Notes from BenMonthly musings from the Choirmaster



Evensong, as a distinctly Anglican service, dates back to the Anglican Reformation.  In Archbishop Cranmer’s first Book of Common Prayer in 1549, Evensong (which came to be called Evening Prayer) in later versions of the book, was derived from two medieval evening monastic Offices (services sung at particular times of the day): Vespers, which always included the singing of the Magnificat, and Compline, which was the last service before bedtime and included the singing of the Nunc Dimittis.  Cranmer combined the two because this was intended to be a daily liturgy for the general public, which could not attend multiple services each day.  He put the entire liturgy into English, where it had been in Latin.  The Psalter was organized so that between Matins (sung in the morning) and Evensong, the entire psalter would be chanted every month.  The psalms are still printed this way in our 1979 Prayer Book, beginning with “First Day: Morning Prayer” (Psalms 1 through 5), and ending with “Thirtieth Day: Evening Prayer” (Psalms 147 through 150).

The service can be done very simply – at a minimum, with two singers and the music consisting only of Gregorian chant – or very elaborately with a trained choir singing polyphony.  If you have internet access, you can listen to Evensong live on the BBC Radio 3, which has been broadcasting weekly Evensongs continuously since 1926.  The venues are predominantly cathedrals and collegiate chapels, many with famous choirs with international reputations.  In some of these buildings the praises of God have been sung daily for several hundred years.  When sung by a trained choir, Choral Evensong does not abound in congregational participation, but is something that the choirs offer every day to God, whether there is any congregation there to hear it or not.  The congregation may sing a hymn and join in the Creed, said prayers and responses, but otherwise they participate primarily by prayerful listening and contemplation.  The commentator Guy Hayward writes: “The fact that Evensong has had such a long evolution means that one has a powerful sense of connecting present with past, of tapping into something much greater than ourselves.  As we come together in a church at the end of the day we join a vast community enduring both through time and in the same place, by acting in the same way as countless people have done before us for over a thousand years.”

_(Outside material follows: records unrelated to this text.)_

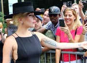 當地時間2016年8月3日,美國紐約,Lady Gaga 黑裙優雅現身手持鮮花扮相復古搶鏡。
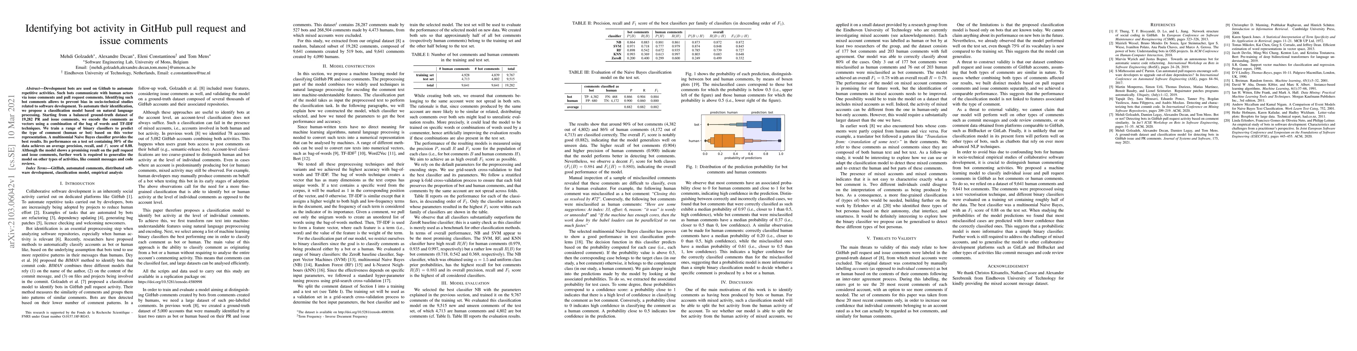 The paper presents a text classification model using Naive Bayes that effectively distinguishes between human-written and bot-generated comments on GitHub, achieving an F1 score of 0.88.
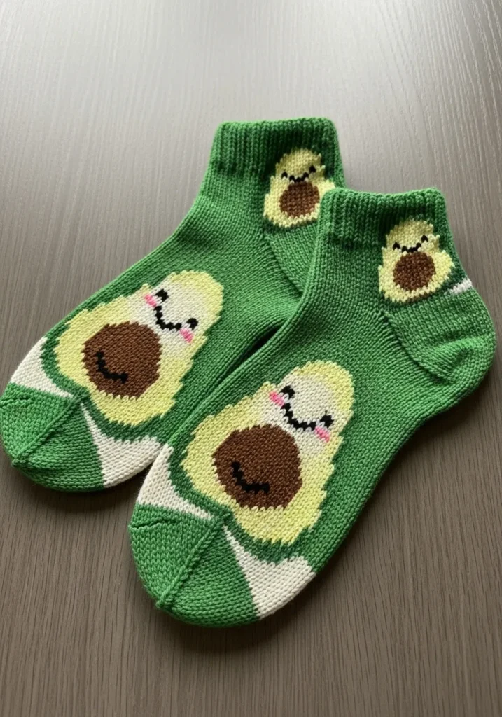 I honestly think novelty socks like these are such an easy win for selling. People love fun everyday items, and avocados still have that playful foodie appeal. If you are comfortable with basic sock construction and simple colorwork, this is totally doable. I can already picture these displayed at a craft market with a few other fruit designs. They are practical, adorable, and just quirky enough to make someone add them to their basket without a second thought.

I suggest checking out the BBC Radio 3 website when you have a half-hour to spare.  The broadcast Evensongs are now archived for some weeks, so that you can listen to them any time you want to.  I also recommend putting Friday evening, October 14th on your calendar, when the choral scholars of Nashotah House will sing Evensong for us, conducted by Fr. Alexander Pryor.  I will be returning to play the organ for that and for the other services of the Walsingham Pilgrimage this year.